Output the whole listing exactly, except for the pictures in it.

**Given data:**

##############################

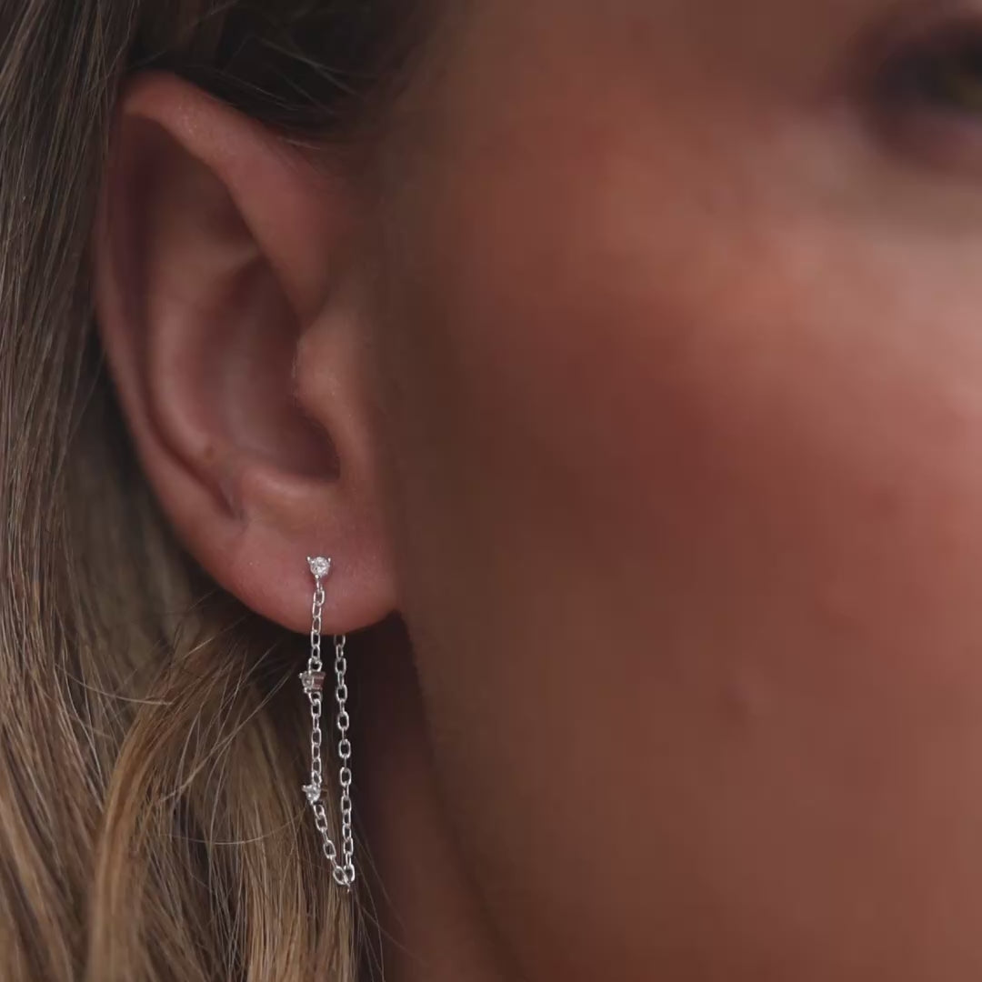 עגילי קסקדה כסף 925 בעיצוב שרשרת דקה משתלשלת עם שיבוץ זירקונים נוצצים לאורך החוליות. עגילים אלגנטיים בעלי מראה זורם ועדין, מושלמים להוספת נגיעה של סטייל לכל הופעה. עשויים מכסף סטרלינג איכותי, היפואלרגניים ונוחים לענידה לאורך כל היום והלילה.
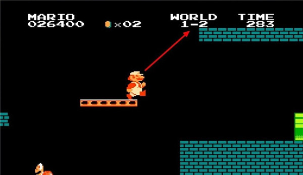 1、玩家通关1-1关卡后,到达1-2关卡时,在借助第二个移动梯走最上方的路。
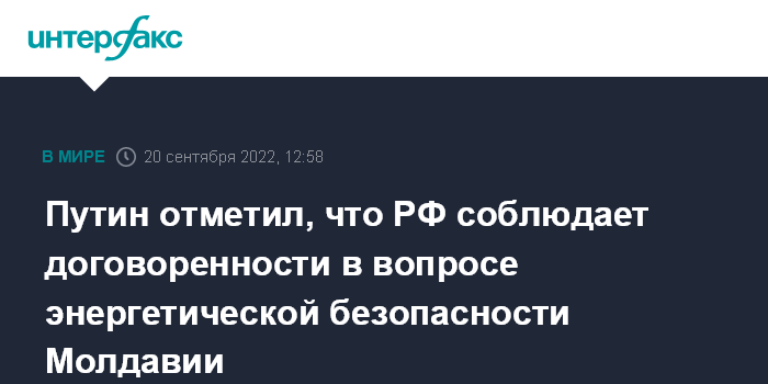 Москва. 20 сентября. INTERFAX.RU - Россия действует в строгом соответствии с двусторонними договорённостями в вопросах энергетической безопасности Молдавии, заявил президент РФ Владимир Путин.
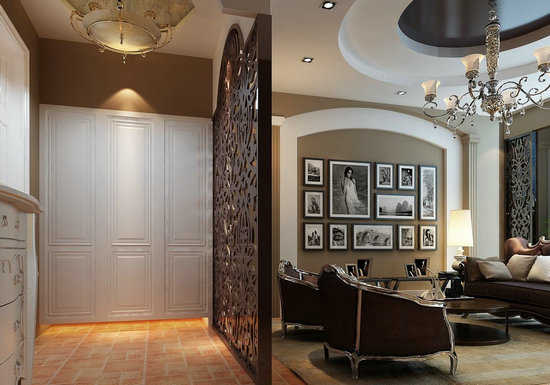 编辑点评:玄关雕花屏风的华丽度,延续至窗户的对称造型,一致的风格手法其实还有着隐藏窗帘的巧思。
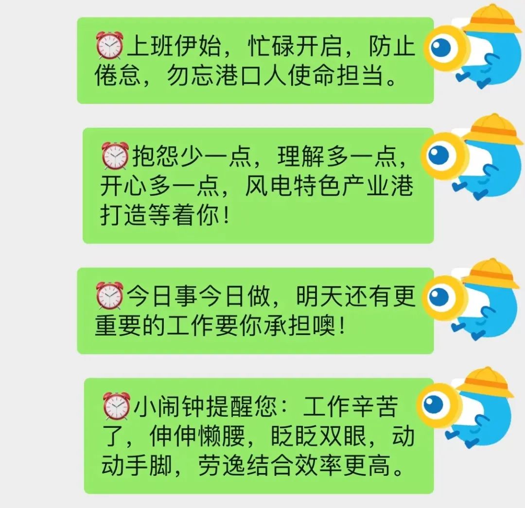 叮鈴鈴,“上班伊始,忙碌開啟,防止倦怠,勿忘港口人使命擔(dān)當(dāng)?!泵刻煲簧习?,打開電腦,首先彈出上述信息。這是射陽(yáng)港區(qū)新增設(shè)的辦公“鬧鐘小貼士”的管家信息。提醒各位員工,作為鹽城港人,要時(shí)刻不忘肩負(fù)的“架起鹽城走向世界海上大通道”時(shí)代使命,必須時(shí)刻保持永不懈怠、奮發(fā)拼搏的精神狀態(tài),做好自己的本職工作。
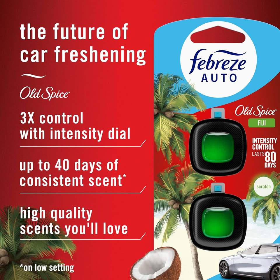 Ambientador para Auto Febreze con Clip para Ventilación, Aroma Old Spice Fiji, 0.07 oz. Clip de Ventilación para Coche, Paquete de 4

##############################

**Output of the exercise:**
 עגילי קסקדה כסף 925 בעיצוב שרשרת דקה משתלשלת עם שיבוץ זירקונים נוצצים לאורך החוליות. עגילים אלגנטיים בעלי מראה זורם ועדין, מושלמים להוספת נגיעה של סטייל לכל הופעה. עשויים מכסף סטרלינג איכותי, היפואלרגניים ונוחים לענידה לאורך כל היום והלילה.
 1、玩家通关1-1关卡后,到达1-2关卡时,在借助第二个移动梯走最上方的路。
 Москва. 20 сентября. INTERFAX.RU - Россия действует в строгом соответствии с двусторонними договорённостями в вопросах энергетической безопасности Молдавии, заявил президент РФ Владимир Путин.
 编辑点评:玄关雕花屏风的华丽度,延续至窗户的对称造型,一致的风格手法其实还有着隐藏窗帘的巧思。
 叮鈴鈴,“上班伊始,忙碌開啟,防止倦怠,勿忘港口人使命擔(dān)當(dāng)?!泵刻煲簧习?,打開電腦,首先彈出上述信息。這是射陽(yáng)港區(qū)新增設(shè)的辦公“鬧鐘小貼士”的管家信息。提醒各位員工,作為鹽城港人,要時(shí)刻不忘肩負(fù)的“架起鹽城走向世界海上大通道”時(shí)代使命,必須時(shí)刻保持永不懈怠、奮發(fā)拼搏的精神狀態(tài),做好自己的本職工作。
 Ambientador para Auto Febreze con Clip para Ventilación, Aroma Old Spice Fiji, 0.07 oz. Clip de Ventilación para Coche, Paquete de 4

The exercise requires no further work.